He looked up at the walls of the city, strangely quiet in the height of the day. “The Jinni.”
“Who’s the Gin-eye?” Loretta asked when she had found her breath. She didn’t bother getting upset that he hadn’t tried to help her.
“I am Jinni,” he replied.
“And do you have a name?” she asked.
“A name is power,” he said.
“You know my name,” she replied indignantly.
He smirked, “Human names are weak. I have already forgotten it.”
“Whatever.” She smirked back at him, mocking.
He sat down, leaned against the wall of the well and closed his eyes.
Loretta let out a small snort. She pulled the rubber band out of her hair and shook it loose. It was heavy with sweat and sand and hung damp down over her shoulders. She had long ago taken her hoodie off, leaving it somewhere in the sand near where she woke.
The genie opened his eyes and watched her as she rolled up the sleeves of her Iron Maiden hand-me-down t-shirt. “What are you wearing? You look ridiculous,” he told her, though his eyes were already closed when Loretta turned back to glare at him.
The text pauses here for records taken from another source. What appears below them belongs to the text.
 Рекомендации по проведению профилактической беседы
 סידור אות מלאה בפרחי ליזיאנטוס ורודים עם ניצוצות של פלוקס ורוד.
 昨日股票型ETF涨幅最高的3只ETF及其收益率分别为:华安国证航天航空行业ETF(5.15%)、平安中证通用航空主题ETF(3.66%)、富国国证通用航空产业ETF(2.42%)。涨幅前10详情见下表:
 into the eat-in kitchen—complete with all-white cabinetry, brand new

“Not nearly ridiculous as you,” she told him, as she turned and stomped away toward the city gates.
By the time he opened his eyes again she was lifting her hand to knock on the giant wooden gates. He was up in a flash and caught her fist before it came down. “Not a good idea,” he warned her.
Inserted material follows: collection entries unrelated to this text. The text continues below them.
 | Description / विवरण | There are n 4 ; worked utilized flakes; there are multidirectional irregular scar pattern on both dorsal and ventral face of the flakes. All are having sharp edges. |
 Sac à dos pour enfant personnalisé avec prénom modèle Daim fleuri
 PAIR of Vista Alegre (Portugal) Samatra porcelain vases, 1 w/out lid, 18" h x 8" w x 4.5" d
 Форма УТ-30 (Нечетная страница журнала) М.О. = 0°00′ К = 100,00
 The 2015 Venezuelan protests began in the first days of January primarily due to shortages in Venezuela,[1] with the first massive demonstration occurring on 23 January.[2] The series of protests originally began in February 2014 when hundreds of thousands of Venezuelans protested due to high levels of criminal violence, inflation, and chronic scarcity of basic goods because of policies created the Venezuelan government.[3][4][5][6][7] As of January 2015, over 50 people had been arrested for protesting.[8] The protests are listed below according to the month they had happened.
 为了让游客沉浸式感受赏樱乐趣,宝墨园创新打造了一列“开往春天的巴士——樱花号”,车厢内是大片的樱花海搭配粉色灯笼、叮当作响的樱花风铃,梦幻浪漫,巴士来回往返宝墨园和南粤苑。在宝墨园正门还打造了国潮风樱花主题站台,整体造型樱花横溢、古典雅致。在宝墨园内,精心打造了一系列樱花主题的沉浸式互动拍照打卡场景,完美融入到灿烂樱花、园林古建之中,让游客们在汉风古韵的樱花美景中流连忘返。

Loretta pulled back sharply from the shock she received when his hand caught hers. She opened her mouth to squeal in surprise but realised that he must not have felt it. “Look,” she said, rubbing her hand, “if you don’t have any better ideas on how I can get home from wherever this place is, then I have a right to go and look for someone who does,”
“No.”
Loretta pushed him away from her, ignoring the sharp tingle in her fingers as she did so, “No? No? Really? You won’t tell me your name, you’ve hardly spoken to me though I’ve been trapped here for – well, you’ve made me follow you for hours on end through the desert! Am I your slave that I am to do what you ask?”
“No, of course not.” He pulled away from her, seeming physically repulsed by her words. “My name is Akil,” he said.
Loretta guessed that was the closest she was going to get to an apology. “Well Akil, what are we going to do now? I need to get back to London, I’m already way past my curfew, and you need to get shot of me for your own well-being as you made clear,”
“You swear you don’t know how you got here?” Akil asked again.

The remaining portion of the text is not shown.